▸ PROBLEM REQUIREMENTS: In the data below, set down exactly the lines from the one containing "CASINO 造型限量腕錶/ 型號:BR-01-92-CA-BE/" up to and including the one containing "Sake can also". Leave the pictures out.

[MATERIAL FOR THIS TASK Boundary: Start]

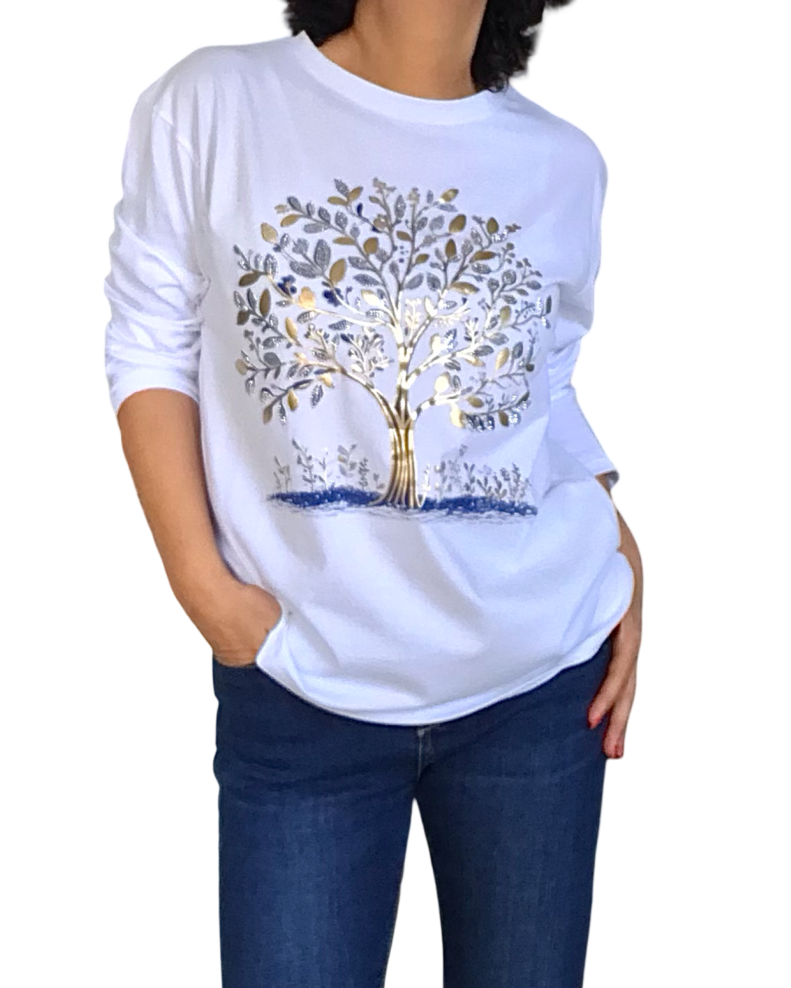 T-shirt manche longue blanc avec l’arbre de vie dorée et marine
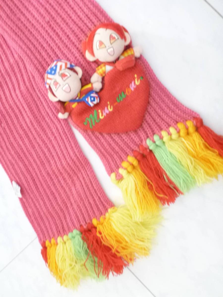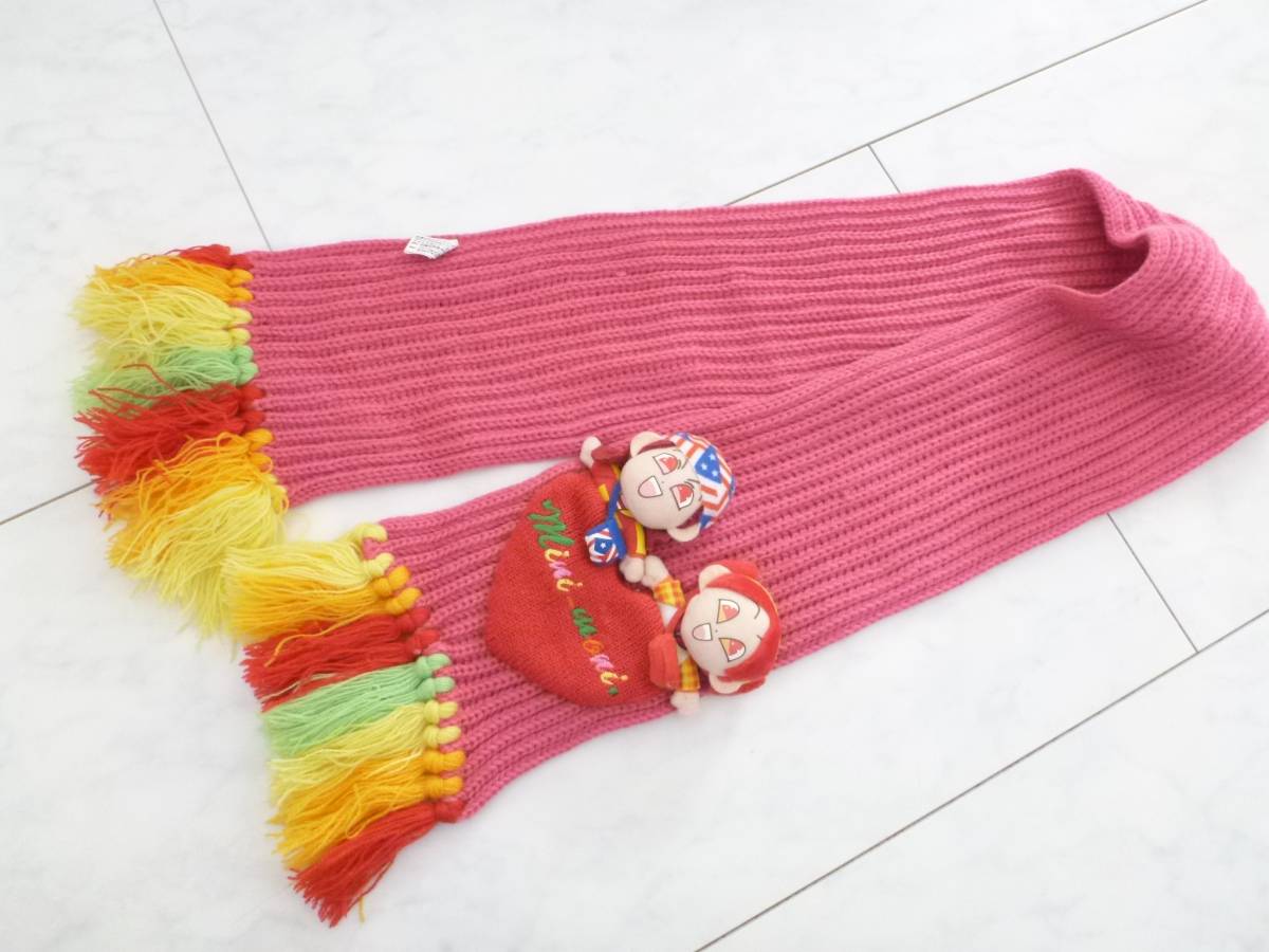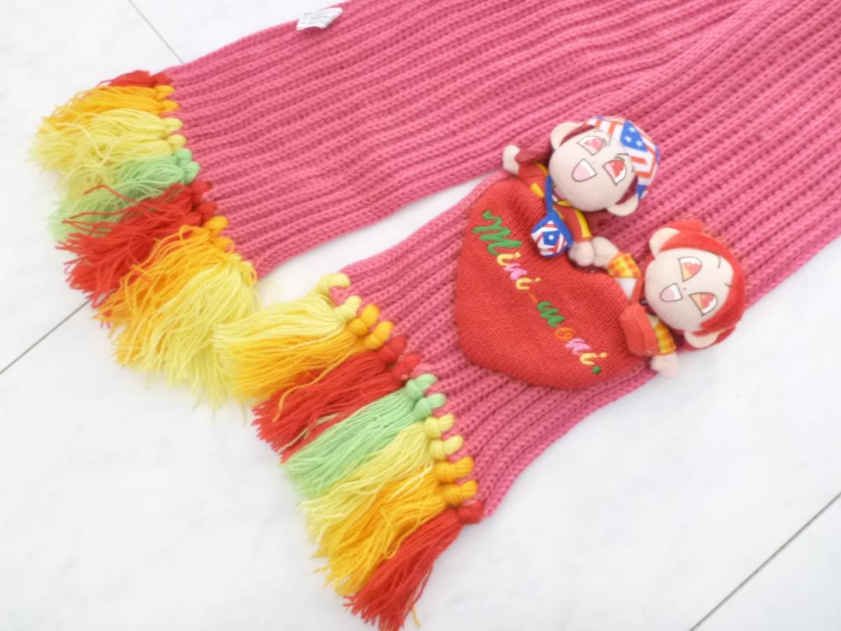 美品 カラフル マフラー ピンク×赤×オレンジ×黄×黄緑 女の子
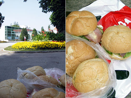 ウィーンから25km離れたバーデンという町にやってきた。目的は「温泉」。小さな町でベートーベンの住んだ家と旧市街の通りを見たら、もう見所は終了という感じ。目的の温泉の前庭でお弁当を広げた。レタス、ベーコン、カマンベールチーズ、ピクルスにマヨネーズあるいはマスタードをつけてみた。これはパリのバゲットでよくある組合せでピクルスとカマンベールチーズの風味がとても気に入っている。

[MATERIAL FOR THIS TASK Boundary: End]
[MATERIAL FOR THIS TASK Boundary: Start]

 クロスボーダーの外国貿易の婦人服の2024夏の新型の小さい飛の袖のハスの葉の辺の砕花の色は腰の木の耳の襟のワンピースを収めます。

[MATERIAL FOR THIS TASK Boundary: End]
[MATERIAL FOR THIS TASK Boundary: Start]

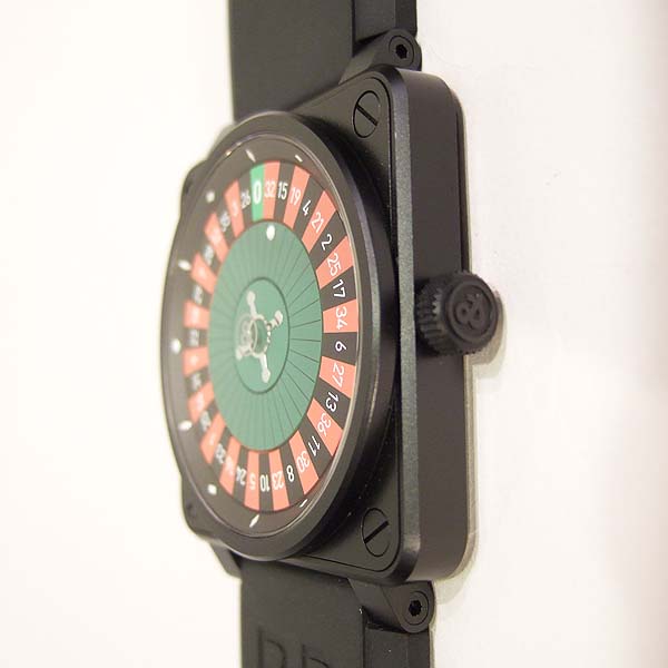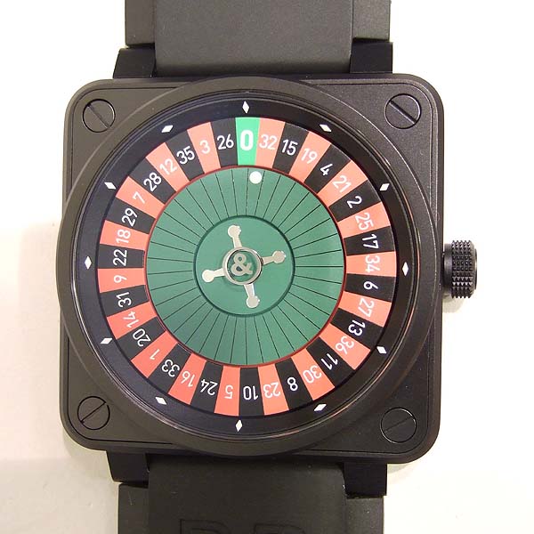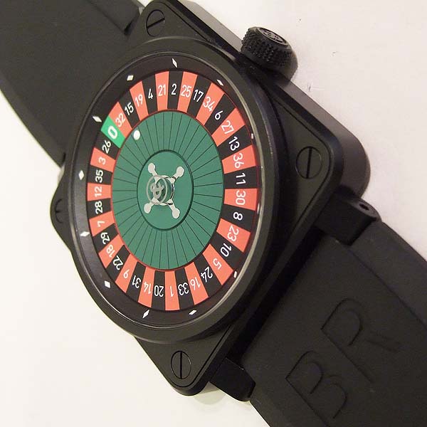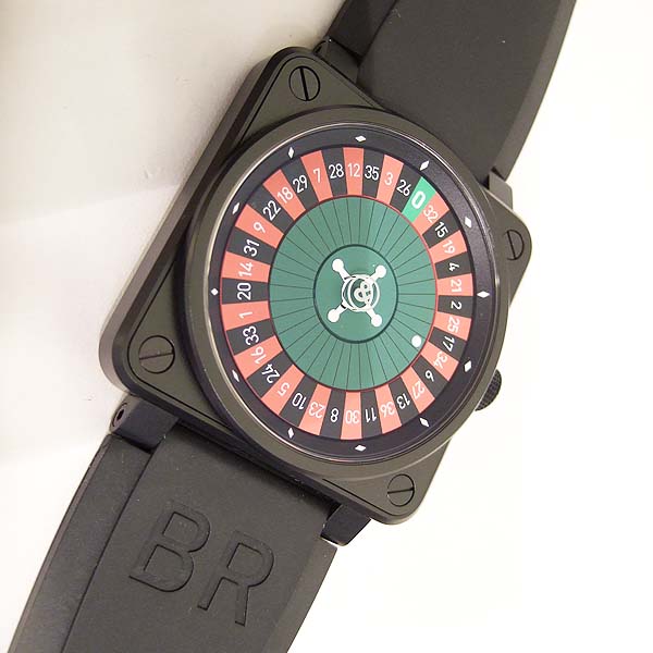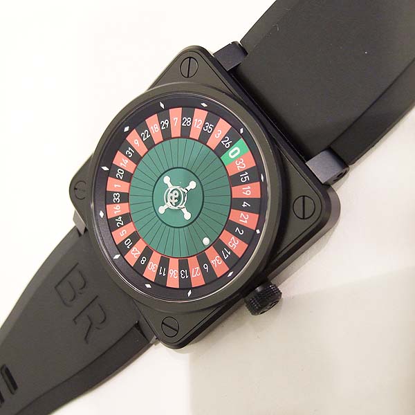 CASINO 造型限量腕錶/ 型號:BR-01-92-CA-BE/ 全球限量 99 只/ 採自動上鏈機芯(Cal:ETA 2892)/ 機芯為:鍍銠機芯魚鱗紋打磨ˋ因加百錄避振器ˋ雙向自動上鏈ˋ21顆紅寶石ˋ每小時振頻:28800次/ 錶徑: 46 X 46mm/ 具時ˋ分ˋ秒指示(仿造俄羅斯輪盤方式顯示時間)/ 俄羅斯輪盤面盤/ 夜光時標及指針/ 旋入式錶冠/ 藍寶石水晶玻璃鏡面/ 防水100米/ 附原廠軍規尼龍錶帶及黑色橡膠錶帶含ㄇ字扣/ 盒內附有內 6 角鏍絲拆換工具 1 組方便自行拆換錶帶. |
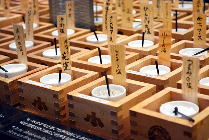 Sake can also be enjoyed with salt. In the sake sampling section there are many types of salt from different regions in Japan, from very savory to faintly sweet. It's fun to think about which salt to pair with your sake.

[MATERIAL FOR THIS TASK Boundary: End]

▸ PROBLEM SOLUTION:
 CASINO 造型限量腕錶/ 型號:BR-01-92-CA-BE/ 全球限量 99 只/ 採自動上鏈機芯(Cal:ETA 2892)/ 機芯為:鍍銠機芯魚鱗紋打磨ˋ因加百錄避振器ˋ雙向自動上鏈ˋ21顆紅寶石ˋ每小時振頻:28800次/ 錶徑: 46 X 46mm/ 具時ˋ分ˋ秒指示(仿造俄羅斯輪盤方式顯示時間)/ 俄羅斯輪盤面盤/ 夜光時標及指針/ 旋入式錶冠/ 藍寶石水晶玻璃鏡面/ 防水100米/ 附原廠軍規尼龍錶帶及黑色橡膠錶帶含ㄇ字扣/ 盒內附有內 6 角鏍絲拆換工具 1 組方便自行拆換錶帶. |
 Sake can also be enjoyed with salt. In the sake sampling section there are many types of salt from different regions in Japan, from very savory to faintly sweet. It's fun to think about which salt to pair with your sake.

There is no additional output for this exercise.